As his squad distracted the third machine gunner, Inouye crawled toward the final bunker, coming within 10 yards. As he raised himself on his left elbow and cocked his right arm to throw his last hand grenade, a German soldier saw Inouye and fired a 30 mm Schiessbecher antipersonnel rifle grenade from inside the bunker, which struck Inouye directly on his right elbow. The high explosive grenade failed to detonate, saving Inouye from instant death but amputating most of his right arm at the elbow (except for a few tendons and a flap of skin) via blunt force trauma. Despite this gruesome injury, Inouye was again saved from likely death due to the blunt, low-velocity grenade tearing the nerves in his arm unevenly and incompletely, which involuntarily squeezed the grenade tightly via a reflex arc instead of going limp and dropping it at Inouye’s feet. However, this still left him crippled, in terrible pain, under fire with minimal cover and staring at a live grenade “clenched in a fist that suddenly didn’t belong to me anymore.”

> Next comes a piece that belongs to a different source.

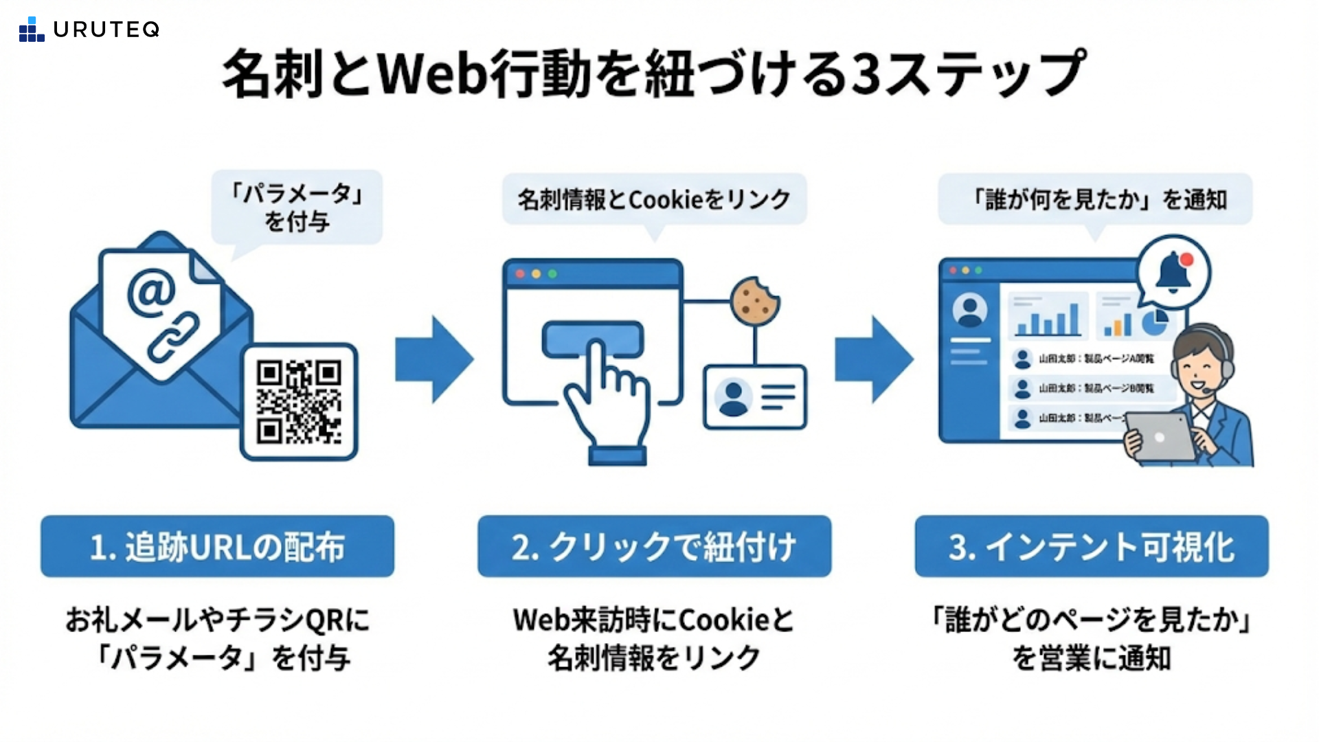 では、具体的にどのようにして紙の名刺とデジタルのWeb行動を紐づけるのでしょうか。「高度なITスキルが必要なのでは?」「高価なツールがないと無理なのでは?」と身構える必要はありません。基本的な仕組みはシンプルで、以下の3ステップで構成されています。

Inouye’s horrified soldiers moved to his aid, but he shouted for them to keep back out of fear his severed fist would involuntarily relax and drop the grenade. As the German inside the bunker began hastily reloading his rifle with regular full metal jacket ammunition (replacing the wood-tipped rounds used to propel rifle grenades), Inouye quickly pried the live hand grenade from his useless right hand and transferred it to his left. The German soldier had just finished reloading and was aiming his rifle to finish him off when Inouye threw his grenade through the narrow firing slit, killing the German. Stumbling to his feet with the remnants of his right arm hanging grotesquely at his side and his Thompson in his off-hand, braced against his hip, Inouye continued forward, killing at least one more German before suffering his fifth and final wound of the day (in his left leg), which finally halted his one-man assault for good and sent him tumbling unconscious to the bottom of the ridge. He awoke to see the worried men of his platoon hovering over him. His only comment before being carried away was to gruffly order them back to their positions, saying “Nobody called off the war!”
TLDR: blew up several German machine gun bunkers with mad grenades as he got shot in the stomach, lost an arm. And had to throw left handed. Then told the rest of the platoon to keep going because sh-t wasn’t done with.
Blocked a bullet with silver dollars. Went home to Hawaii became a senator. And if he’d run for president I’d have voted for him. Absolute badass.